Re-marriage and stepchildren: disaster in the making?

Richmond Hill location of Mick Jagger's London homeThe Beatles sang of money not buying love, but Mick Jagger certainly got some satisfaction with the view from his pricey London home overlooking the River Thames on Richmond Hill. The will of Richard Cox-Johnson, a merchant banker whose clients included Jagger and the Rolling Stones, caused major friction between his children and their step-mother.

Plenty of people remarry and live happily ever after with step-children in large blended families. And many don't. Adult children from an earlier marriage and a step-parent in the newer relationship can be a recipe for disaster. In life as in many fairy-tales, step-mothers are the embodiment of evil. It ain't necessarily so.

Case Studies Stepmothers and Missteps

 

1: Victory to the Step-Children

Richard Sprackling willed his ‘farm’ to his wife, and after he died, she took him at his word and took the farm - all of the buildings, paddocks, lake, organic farm and other land and businesses.
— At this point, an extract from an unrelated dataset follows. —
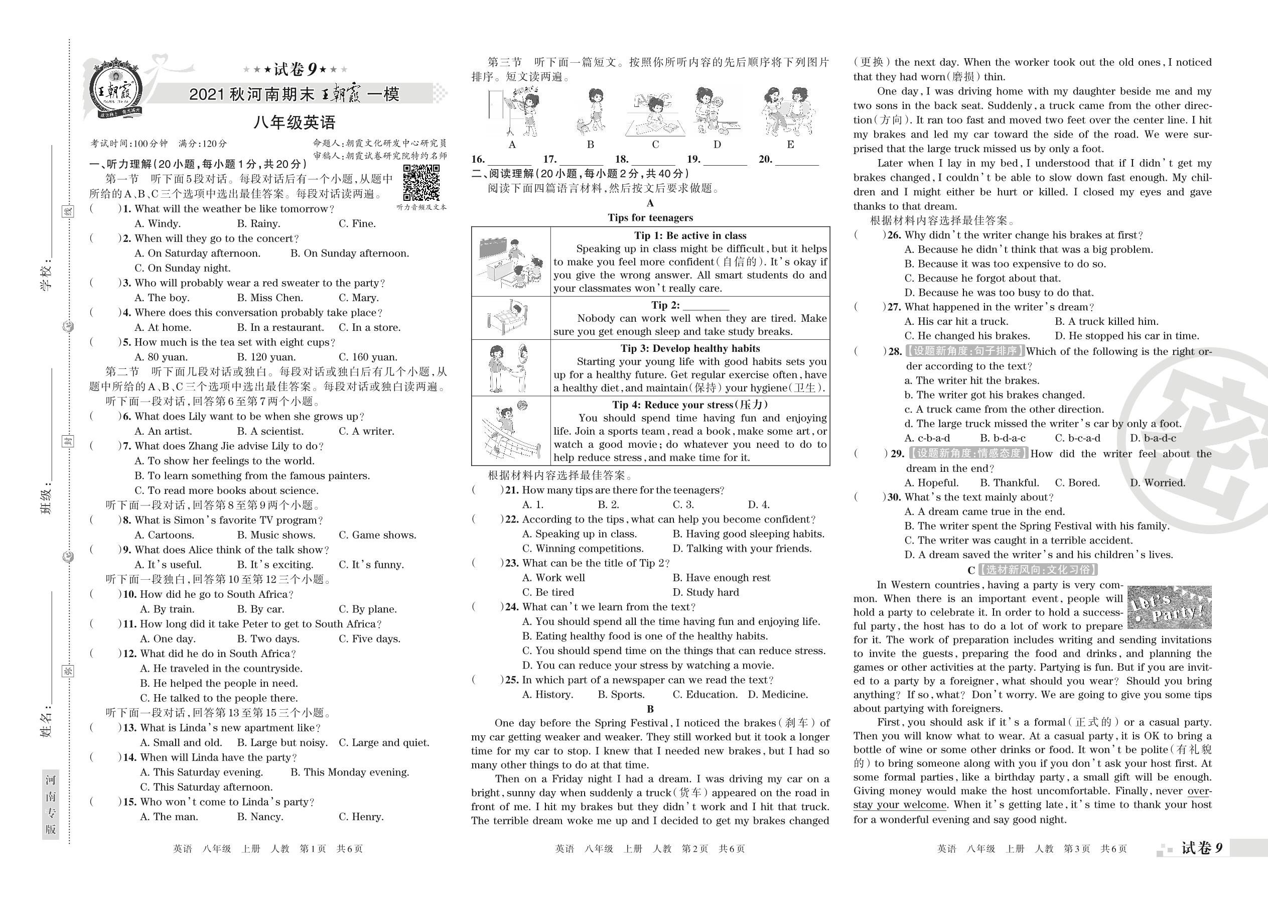 王朝霞期末模拟卷八年级上册英语(人教版)_R211225110543396【9】

His three adult children by his first wife - who worked with him on the farm and its various businesses - got nothing.

The children argued in court that 'farm' meant only the 'farmhouse' and surrounding property, not all of the land and businesses. They lost.

‘Farm’ versus ‘farmhouse’. Were the children merely playing with words or did they have a substantive point - and would the Appeals Court have enough evidence to make a determination?

In fact, there was evidence in abundance. Language usage was indeed critical, but equally fascinating was the behind-the-scenes thoughts and actions of many of the participants. Full story.

2: Victory to the Step-Mother

A merchant banker whose clients included Mick Jagger and the Rolling Stones, Richard Cox-Johnson (1934-2005) made a new will in 2005 that increased the amount he was leaving to his wife. This new will divided his estate of approximately £10 million into four roughly equal shares - one share each for his three sons from his first wife, and one share for his second wife, their step-mother.

Cox-Johnson's sons assured their father that they were happy with his new financial arrangement, but after he died they contested the will, claiming that he had lacked testamentary capacity.

According to newspaper reports, emails between the brothers indicated that they had planned to challenge the will all along. They reportedly filmed their father secretly at a luncheon party, intending to use the footage to demonstrate his confused mental state.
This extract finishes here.